Book review: Never A Dull Moment

Jimmy Page explained, “The audiences were becoming bigger and bigger but moving further and further away.”

I received the David Hepworth book Never a Dull Moment – 1971: The Year That Rock Exploded two days before Christmas. I finished the 286-page book before New Years Day.

The premise is that the pop period ended with the Beatles signing essentially their divorce papers from each other on 31 December 1970. Hepworth, who turned 21 in 1971, says that year saw “an unrepeatable surge of musical creativity, technological innovation, naked ambition, and outrageous good fortune that combined to produce music that still crackles today.” The era of rock was born.

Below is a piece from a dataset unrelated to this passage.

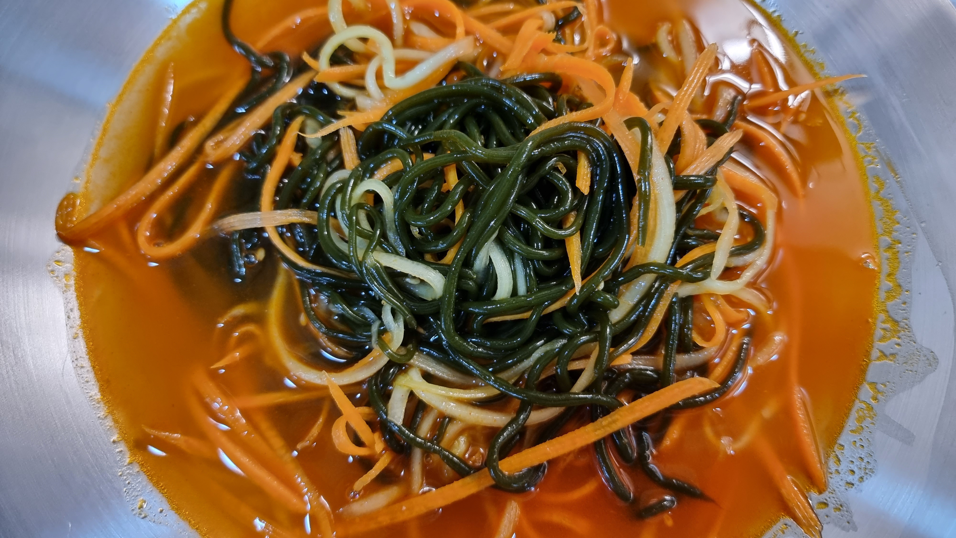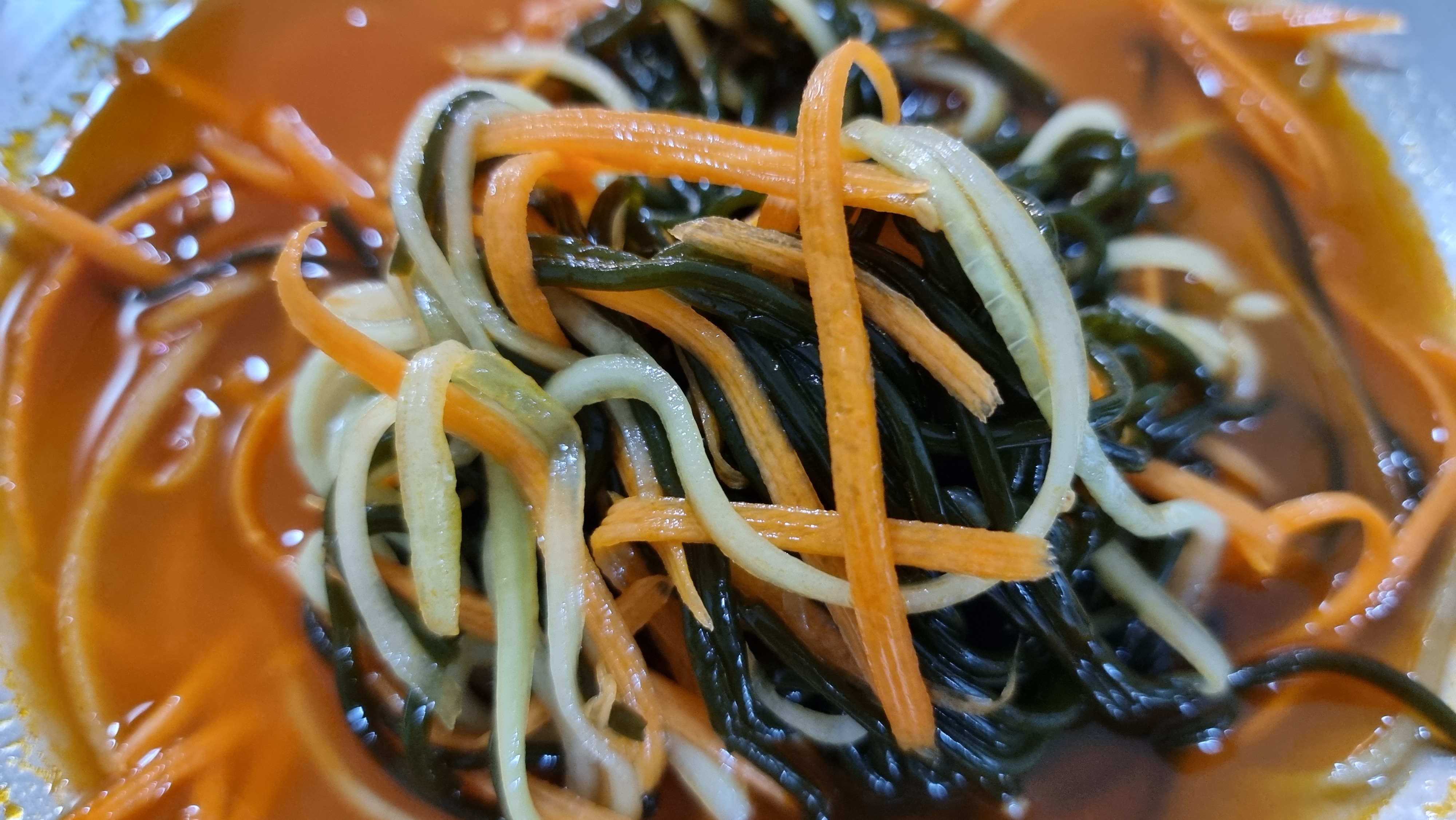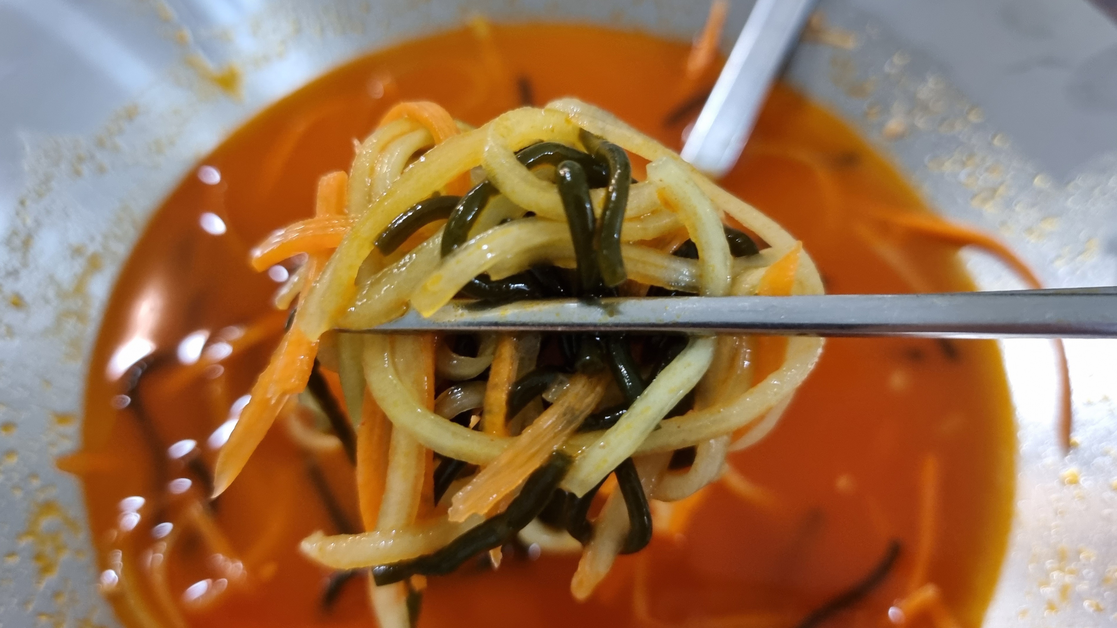 칼로리 낮은 미역국수에 당근 오이도 함께 들어있어 양도 든든합니다.

Sometimes, he would make references to other cultural events of the time that seemed random, but eventually, it would somehow connect. Hepworth used a few Britishisms that I did not initially pick up on, but I figured out most of them in context.

The book is arranged by month. The albums referred to in that period might have been recorded then, or released then, or the artist was on tour. And not all would become internationally famous. In March, Led Zeppelin was doing tours in small clubs, because as Jimmy Page explained, “The audiences were becoming bigger and bigger but moving further and further away.” Meanwhile, Nick Drake was well-regarded but lacked the stage charisma to become the success his talent might have suggested.

The May chapter details the Rolling Stones’ move to France. “Sex and drugs and rock n’ roll” were never more true. The year Mick Jagger got married did not seem to alter his omnivorous appetites. Meanwhile, Carly Simon was linked romantically to Cat Stevens and others. Later chapters touch on unlikely pairings, such as Leonard Cohen sleeping with Janis Joplin, though he later regretted writing a song about it.

Many things we now take for granted were born in this era. The benefit concert was born with George Harrison’s efforts on behalf of the people in Bangladesh. Since it had never been done before, certainly on that massive scale, mistakes were made, and George became a resource for those planning similar ventures.

Greatest hits albums became much more lucrative, from the Stones and the Who, for instance, presaging the unlikely resurgence of the Beach Boys’ catalog a couple of years later.

I’d write more, but I’ve decided instead to write about some of the albums of the period, and my reaction to them, once a month – I’m already behind!

If you enjoy the albums of the period, and it’s likely that you probably do, even if you were born years after ’71, you’ll enjoy Never A Dull Moment, which has been positively reviewed everywhere I checked, after reading it, of course. I lived through the period and I learned quite a bit.